◆ Aim of the exercise: Please restate exactly the lines from the one holding "夕暮れの角川武蔵野ミュージアムは、要塞のようです。" to the end of the material, including both ends and excluding every picture.

◆ Data section:
○ ○ ○ ○

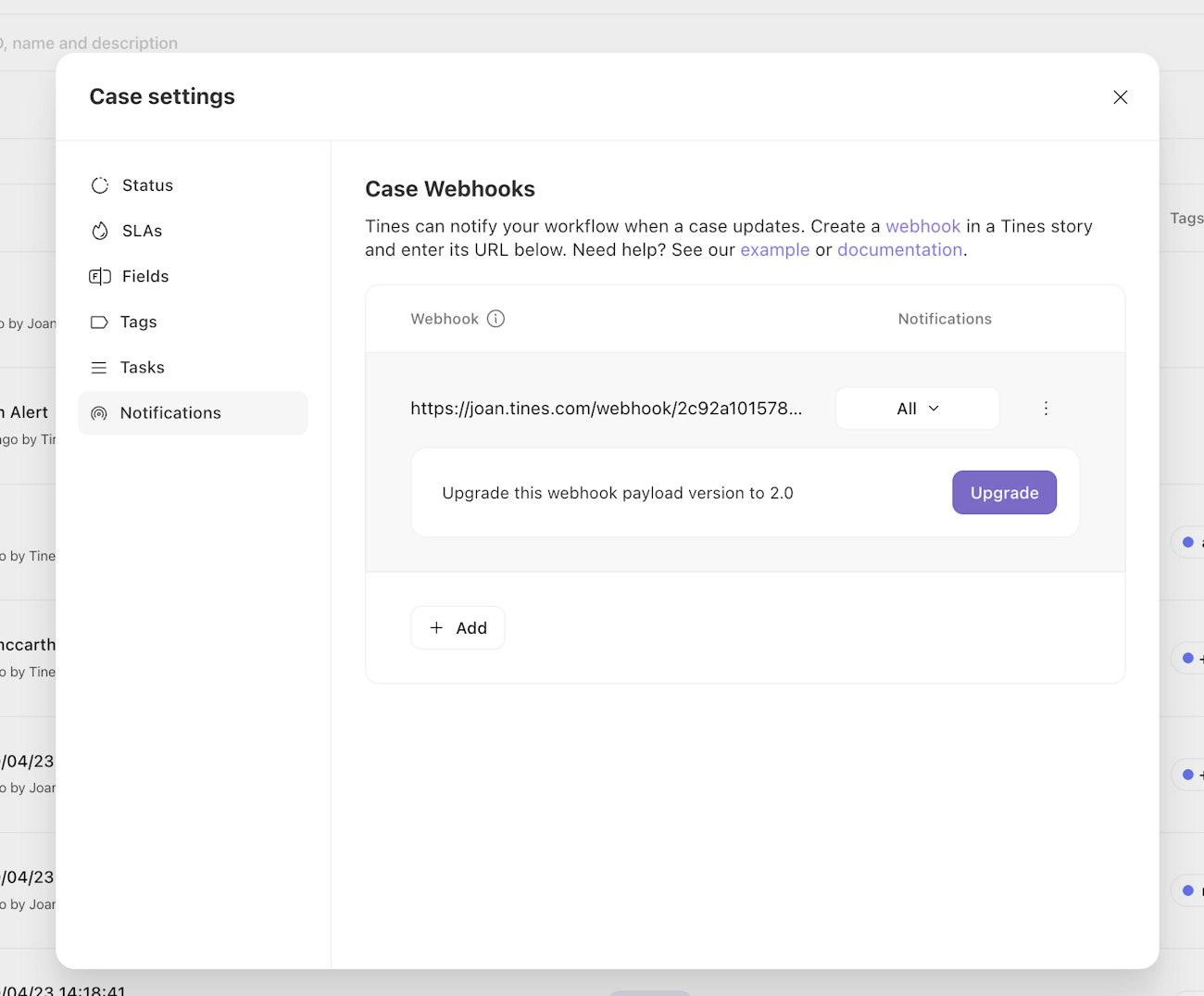 When Tines updated our cases API to v2.0, the resulting case notification payload also changed.
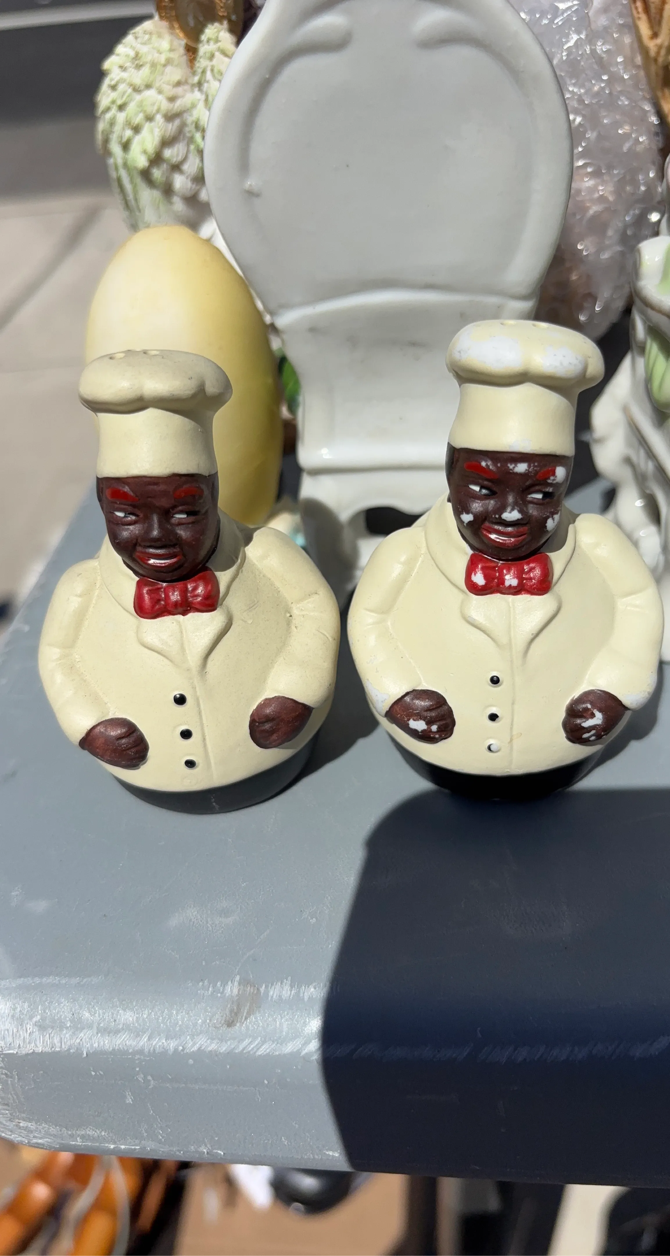 Cute set of two chef shakers, one for salt and one for pepper! They're made of ceramic and have a classic chef outfit design with a red bow tie. Perfect for adding a touch of whimsy to your kitchen or dining table!
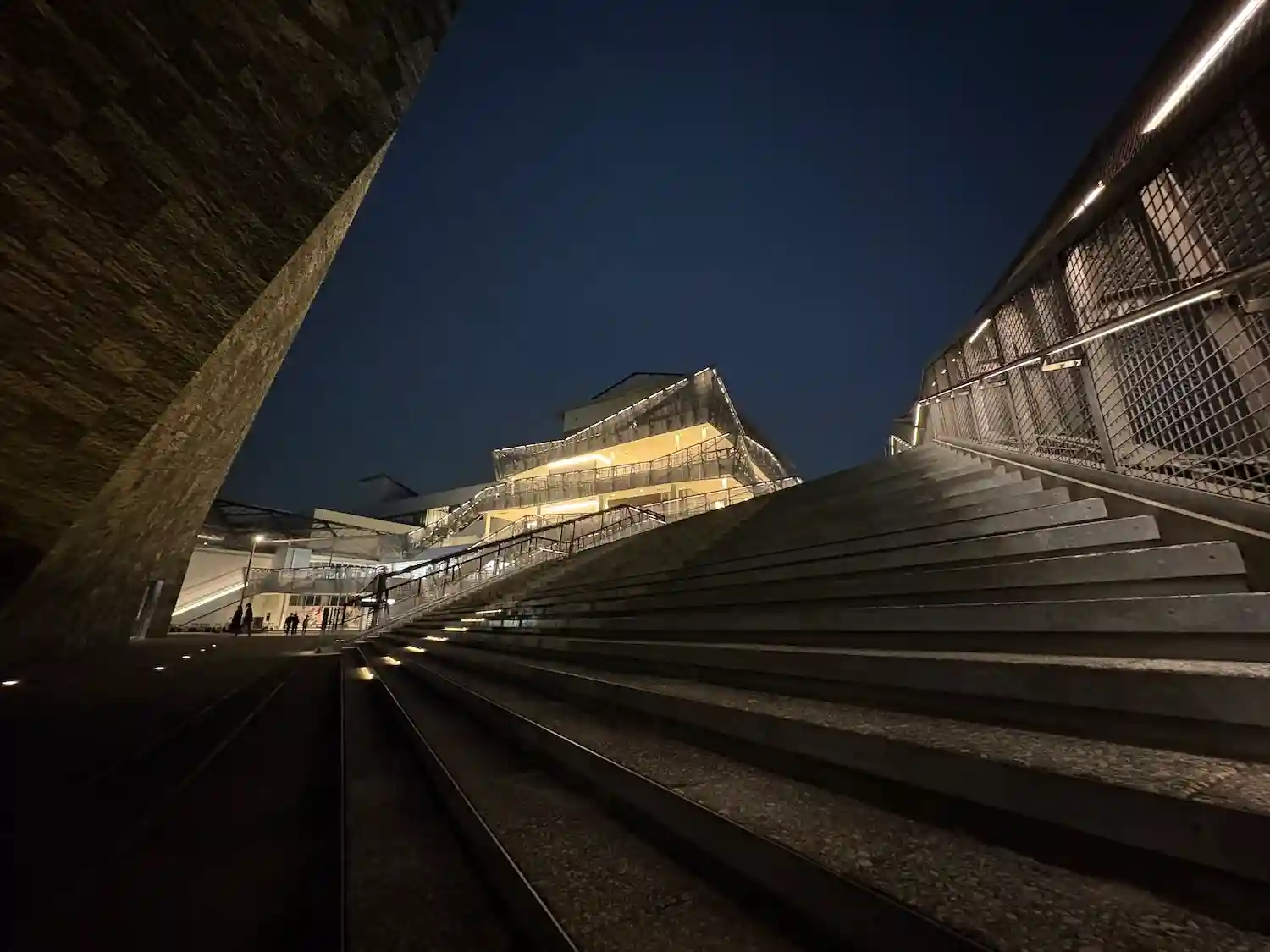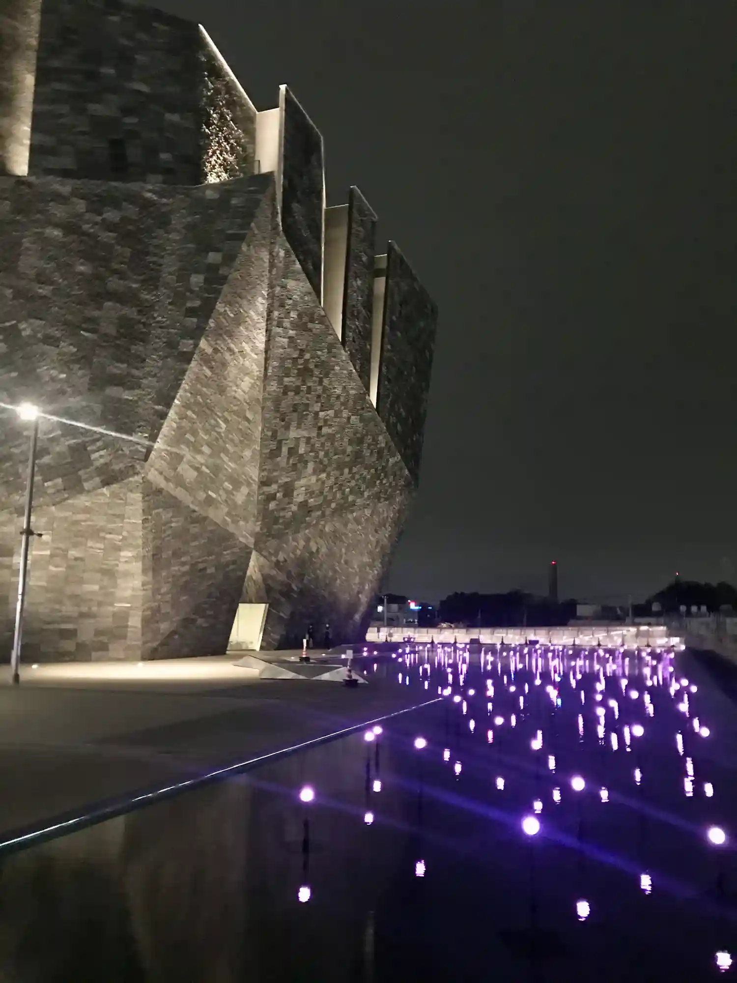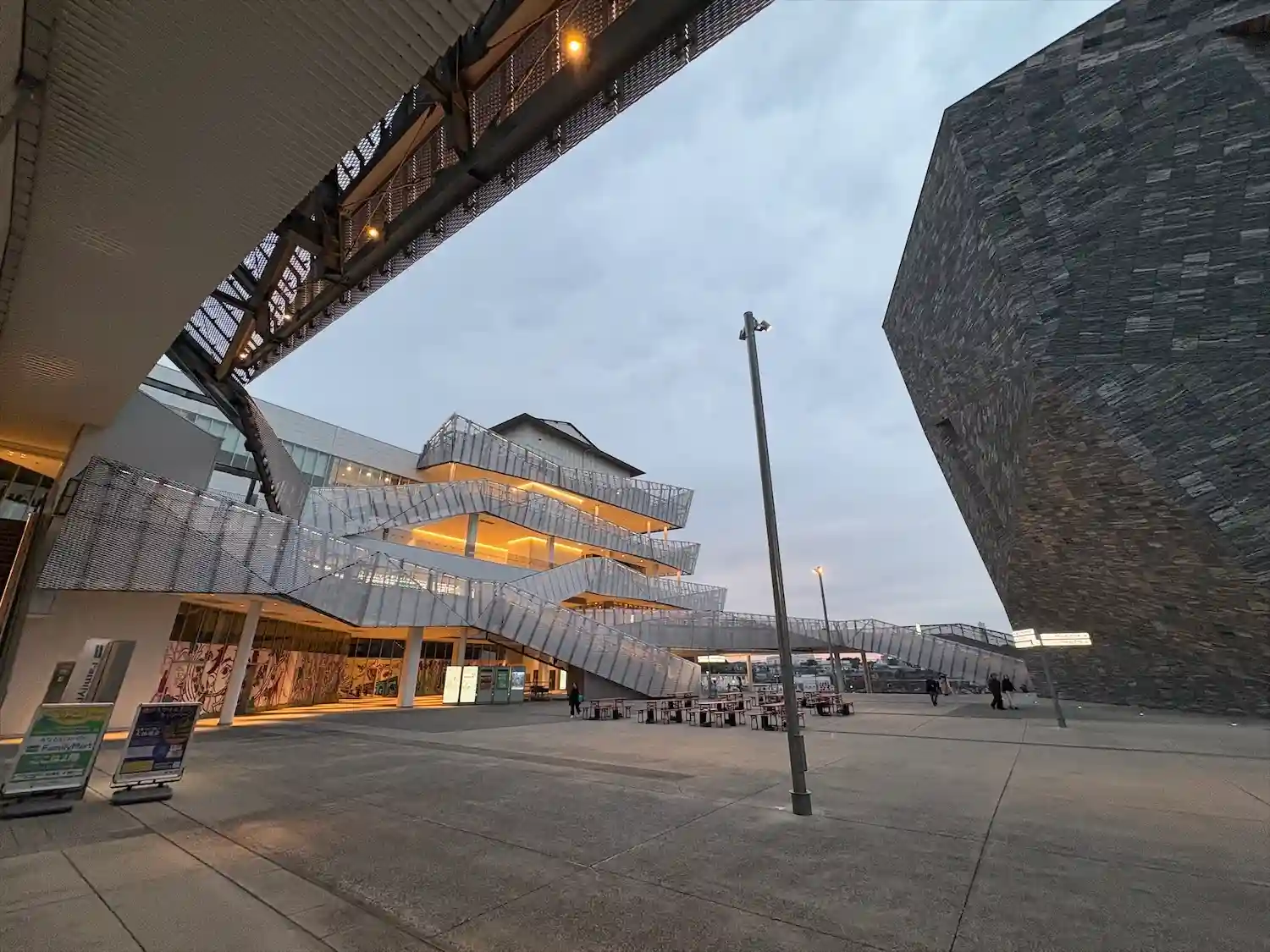 夕暮れの角川武蔵野ミュージアムは、要塞のようです。
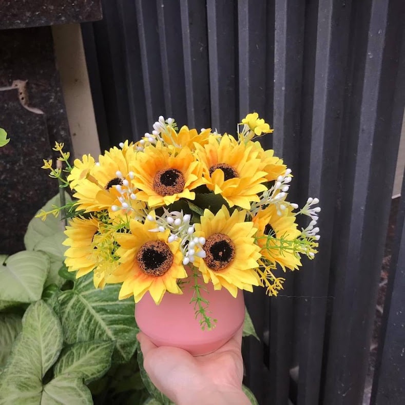 - Chỉ cần 2 cành/chùm hoa hướng dương là bạn sẽ cắm được 1 lọ hoa xinh yêu như hình ảnh shop chụp số 1 và 2 ạ!

○ ○ ○ ○

◆ Finished task:
 夕暮れの角川武蔵野ミュージアムは、要塞のようです。
 - Chỉ cần 2 cành/chùm hoa hướng dương là bạn sẽ cắm được 1 lọ hoa xinh yêu như hình ảnh shop chụp số 1 và 2 ạ!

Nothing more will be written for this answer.